SPUG: Dereferencing hash ref

Evgeny Roubinchtein evgenyr at cs.washington.edu
Tue Aug 6 18:02:38 CDT 2002


>>>>> "EB" == Brose, Eric <eric.brose at attws.com> writes:

    EB> Hello,
    EB> I'm using the XML::Simple module and need to recurse over my results.

    EB> use XML::Simple;
    EB> use Data::Dumper;
 
    EB> my $ref = XMLin('C:\Perl\HBSource.xml');

    EB> print Dumper($ref);

    EB> foreach $setting (sort keys (%$ref)){
    EB>      #print "$setting\n";  This works!
    EB> 	foreach $detail (sort keys %{$ref{$setting}} ){
    EB> 		print "$ref{$setting}->{$detail}\n";
    EB> 	}
    EB> }
    EB> ;

    EB> I'm trying to figure out how to review all of the info in the
    EB> hash ref.  Can someone give me some clues how i can change my
    EB> foreach nested loops to get our what I want.

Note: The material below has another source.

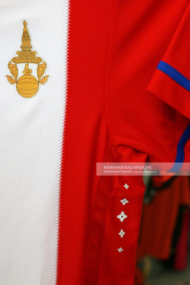 ผลิตด้วยเนื้อผ้า ZILKY TEXT เนื้อผ้านุ่ม สวมใส่สบาย ลวดลายด้านหน้าพิมพ์ลายขาวแดงเสมือนงานต้นฉบับ คมชัดสวยงาม บนอกเบื้องซ้ายปัก “ตราพระมหามงกุฎ” อันเป็นเครื่องหมายเกียรติยศ “การรักชาติ” ในพระบาทสมเด็จพระมงกุฎเกล้าเจ้าอยู่หัว “องค์บิดาแห่งฟุตบอลเมืองสยาม” ได้ประทานแก่นักเลงฟุตบอลสยาม
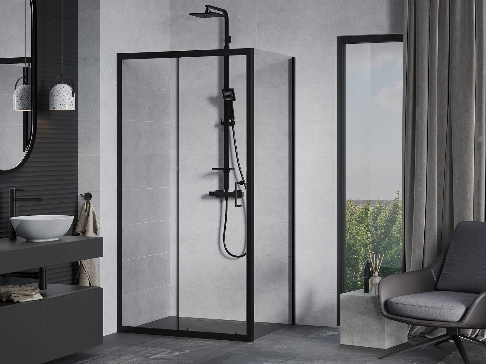 La poignée pratique et confortable est fabriquée en métal durable et résistant. Sa forme à la mode, combinée à une finition assortie à la couleur des profilés, donne à l'ensemble un aspect moderne et stylé, soulignant l'esthétique de chaque salle de bain.

Personally, I would write the inner foreach as:
        foreach $detail (sort keys %{$ref->{$setting}) {
                print $ref->{$setting}->{$detail}, "\n";
        }

Do "perldoc perlref" for the full story.  If something in the perlref
documentation doesn't make sense, or you need more examples, feel free
to ask again.

    EB> I need to be able to recurse through my data structure(the
    EB> hash ref) to extract this info. Any ideas?

I'm probably sounding like Mr. Obvious, but, if you want to _recurse_,
it seems that recursion would be more appropriate than iteration, no?

sub recurse_thang ($);

# this code is mostly "for illustration", rather than "for production use"
sub recurse_thang ($) {
        my $thang = shift;

        if (not ref $thang) { # the base case: a plain scalar
             print $thang, ", ";
             return;
        }


        if ( ref($thang) eq 'HASH') {
             print "{ ";
                  foreach my $key (sort keys %$thang) {
                        print $key, " =>  ";
                        recurse_thang($thang->{$key});
                }
             print "}\n";
        }
        elsif ( ref($thang) eq 'ARRAY') {
                print "[ ";
                foreach my $item (@$thang) {
                        recurse_thang($item);
                }
                print "]\n";
        }
        elsif ( ref($thang) eq 'SCALAR' ) {
             print $$thang, ", ";
        }
        # ... more cases here ...
}

my $ref = { foo => [1, 2, 3],
            bar => [ {baz => 5}, 4, 8],
      };

recurse_thang($ref);


Hope this helps.

-- 
Evgeny

Faced with the choice between changing one's mind, and proving that there is
no need to do so - almost everyone gets busy on the proof.